Aniya Holder (born 3 August 2001) is a South African rock climber who specializes in competition climbing, particularly speed climbing. As of 2024, Holder is the reigning female African Continental Champion in women's speed climbing, and represented South Africa in speed cllimbing at the 2024 Summer Olympics.

==Early life==
Holder was born on 3 August 2001 in Grahamstown (now Makhanda), South Africa. She grew up in Makhanda as one of seven children, and her father was a director of music at Kingswood College. Holder was homeschooled and tried both dancing and karate before picking up climbing at age 14. She began climbing at a small wall at Rhodes University and started joining the university's club on outdoor climbing trips at 16.

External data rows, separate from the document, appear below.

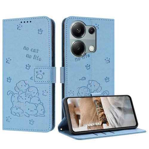 Funda de Piel con Diseño de Gatito En Relieve y Cordón para Xiaomi Poco M6 Pro 4G (Azul)
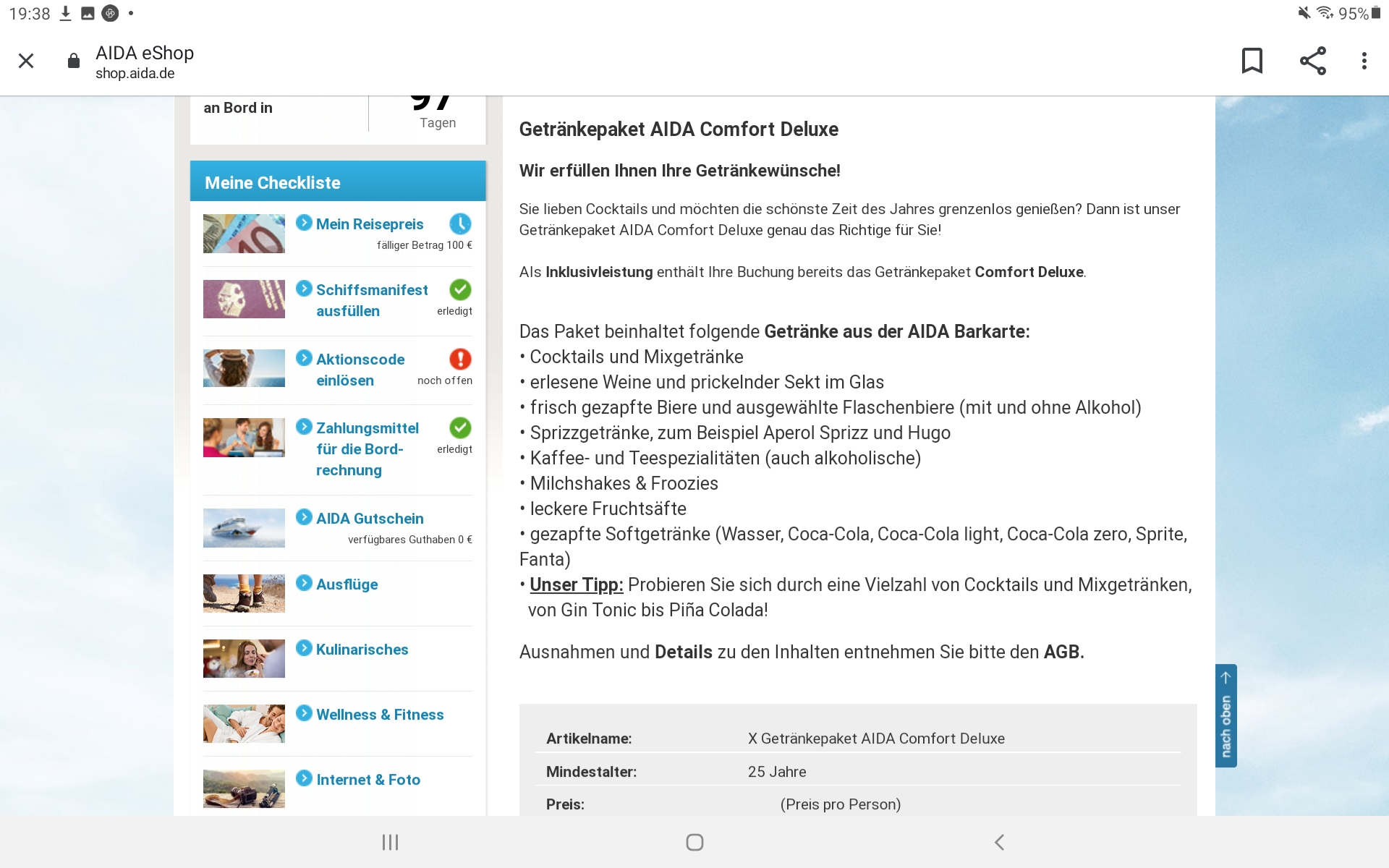 Habe am Morgen des 19.08.2021 zu einem günstigen Preis eine Pauschalreise mit der AIDAblu gebucht, bei der laut Angebot im AIDA-Buchungsportal ein umfangreiches Getränkepaket sowie Sie Social Media Flatrate bereits als Leistung inkludiert waren (Tarif Pauschal All inklusive). Obwohl diese Leistungen explizit auch in meinem persönlichen MyAIDA-Reiseportal mit dem Slogan "Alles drin, alle glücklich" dokumentiert waren, enthielt die einen Tag später eintreffende Buchungsbestätigung hierzu keinerlei Hinweise.
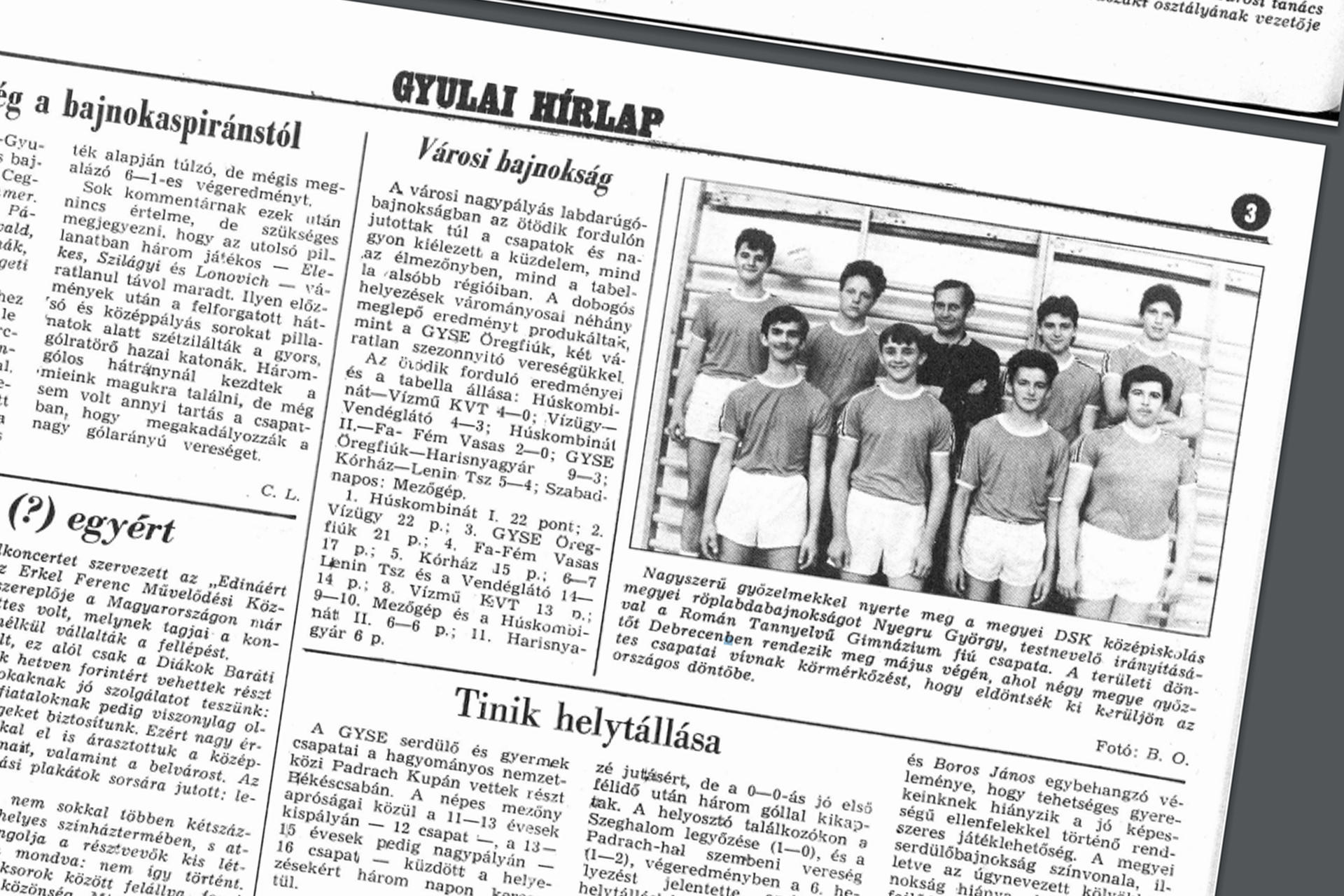 Nagyszerű győzelmekkel nyerte meg a megyei DSK középiskolás megyei röplabdabajnokságot Nyegru György testnevelő irányításával a Román Tannyelvű Gimnázium fiúcsapata. A területi döntőt Debrecenben rendezik meg május végén (…)
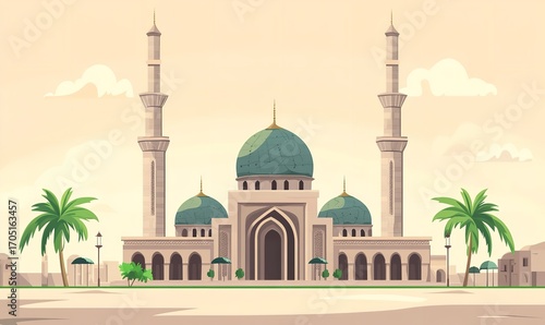 Majestic mosque with twin minarets and green domes, set against a warm desert sky with palm trees.
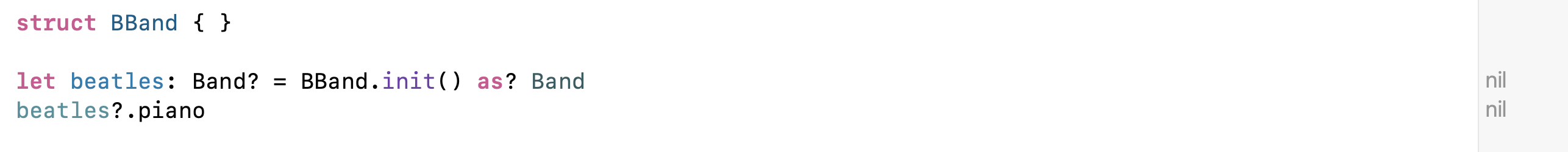 as?로 캐스팅 할 경우엔 해당 상수는 nil로 떨어지고,
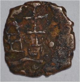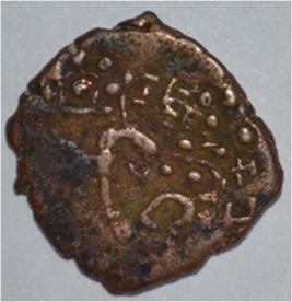 Coin in irregular shape. Obverse Deer on the right and facing female figure with upraised right hand, left hand on hip. Traces of legend in semi-circle. Reverse Arched hill with umbrella on the right and tree in railing with three horizontal branches, each with short vertical leaves in left.
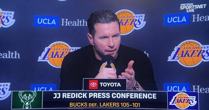 雷迪克称自己叫了暂停,但他们没有听到。自己应该跟裁判说如果投篮不进就叫暂停的。 湖人和雄鹿的比赛最后16秒的时候,詹姆斯持球,气喘吁吁的詹姆斯,本来雷迪克是时候叫暂停了。让詹姆斯休息一下。但不知道是詹姆斯还是雷迪克出现问题了。 雷迪克赛后说:“在那种情况下,叫暂停需要遵循一定的流程。比赛结束的时候,首先要告诉裁判,投篮命中或未命中,我都要叫暂停。东契奇犯满离场。我不是在找借口,我换上了东契奇的替补。不有一次投篮机会,我们知道暂停时间很短,还有16秒,我们球队还要2号位,3号位,感觉时间足够进行2号位的更替,我们来演练一下,因为雄鹿投篮不中。我立刻跳起来叫暂停,但他们没有听到,这已经是本赛季第三次发生这样的情况了,是我的错,我漏掉了一个步骤跟裁判预先说,我们在多伦多这样赢得过一场比赛。本来按照流程我应该跟裁判说,但我没有做这个第一步。我承担责任。” 似乎雷迪克正在失去更衣室的控制,连叫个暂停,球员都没有理会。
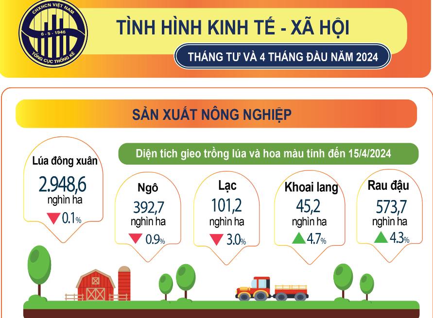 Tổng cục Thống kê vừa công bố báo cáo tình hình kinh tế - xã hội tháng 4 và 4 tháng đầu năm 2024, cho thấy tình hình kinh tế - xã hội khởi sắc trên nhiều lĩnh vực.
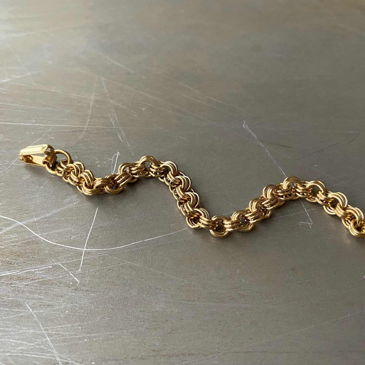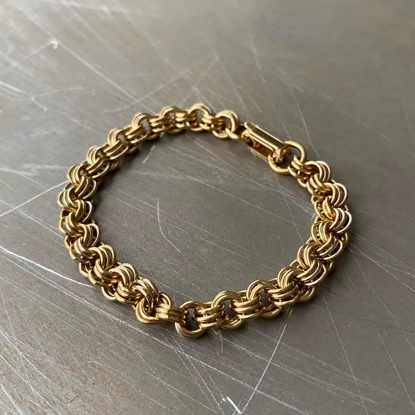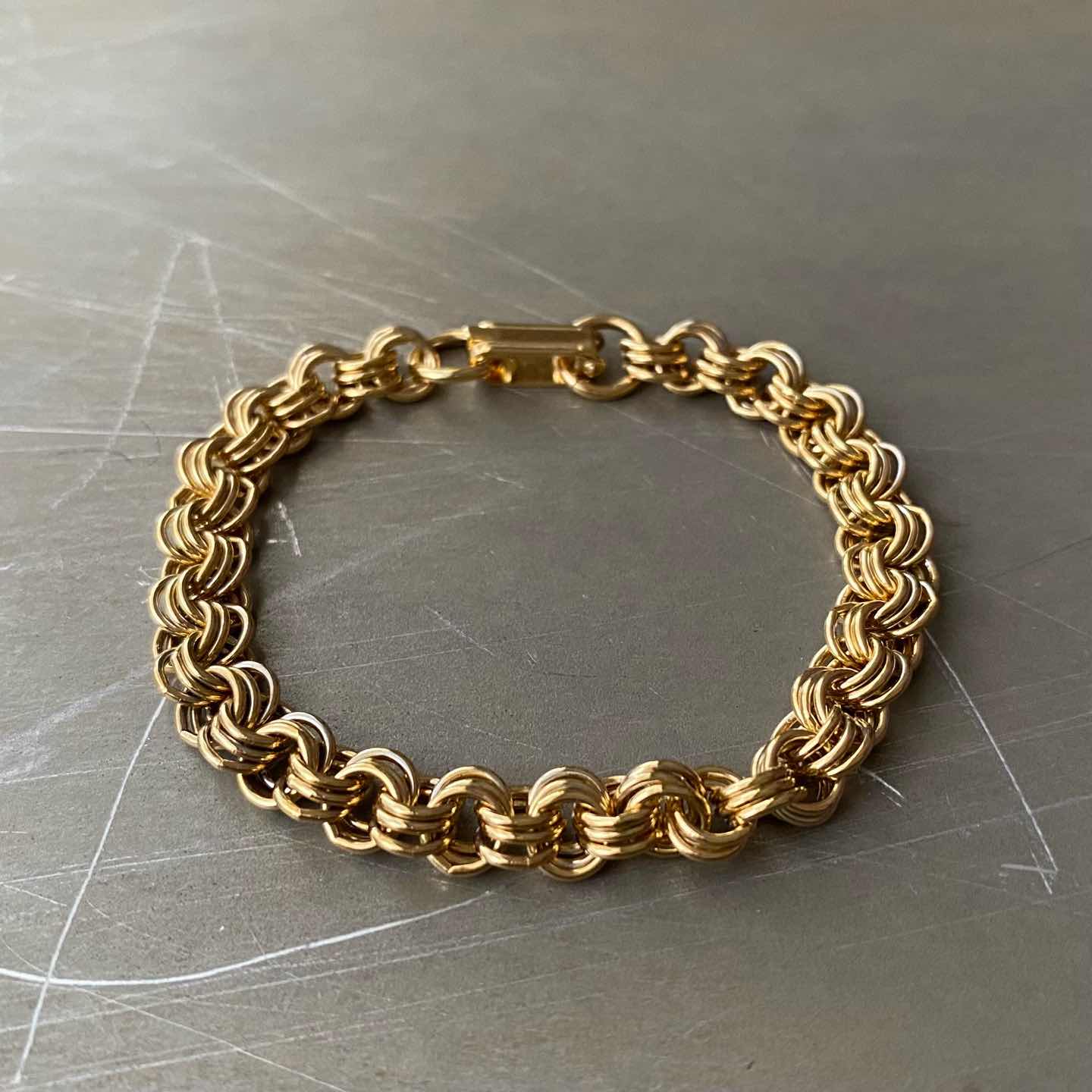 クラシカルな雰囲気のUSAヴィンテージブレスレット。シンプルながら存在感のあるチェーンやレトロな金具が魅力的。身につけやすい幅感で様々なスタイルに合わせていただけます。 □Materials メタル(ゴールドメッキ) □Size 全長 約17.4㎝ 幅 約6㎜ 11g □Condition【A】 使用感の少ない良好な状態です。中古品であることをご理解のうえお買い求めください。ご購入前に必ずショッピングガイドのご確認をお願いいたします。 【S】未使用 【A】未使用に近い 【B】やや使用感あり 【C】使用感あり Item No.3455

==Competitive climbing career==
Holder participated in her first competitive climbing event at 17 and originally kept to the boulder and lead categories. In 2021, however, she fractured her knuckles by punching a volume hold on the wall. Soon after partially healing from that injury, Holder dislocated her elbow while bouldering, which necessitated five months' rest to rehabilitate. Her coach, Jay-D Muller, suggested that she try speed climbing as a less painful and less injury-prone alternative to boulder and lead. Holder has said doesn't have such hard, compressed moves – it's more running up the wall." She began speed climbing in October 2022 and took a liking to it, despite the poor facilities available to her — the international standard route is 15 meters, but the gym in Gqeberha only has a 6-meter wall, which must be changed every 1–3 months to resemble each third of the official route. In late 2023, she entered her first-ever speed climbing competition and won.

Holder won first-place in the International Federation of Sport Climbing (IFSC)'s 2023 African Continental Championship, but initially began training for it without realizing the event was a qualifier for the 2024 Summer Olympics. At the competition, held in Pretoria in December 2023, she qualified for the speed climbing event's final round with a time of 11.89 seconds, and won the final with a time of 11.33 seconds, over two seconds faster than second-place finisher Tegwen Oates.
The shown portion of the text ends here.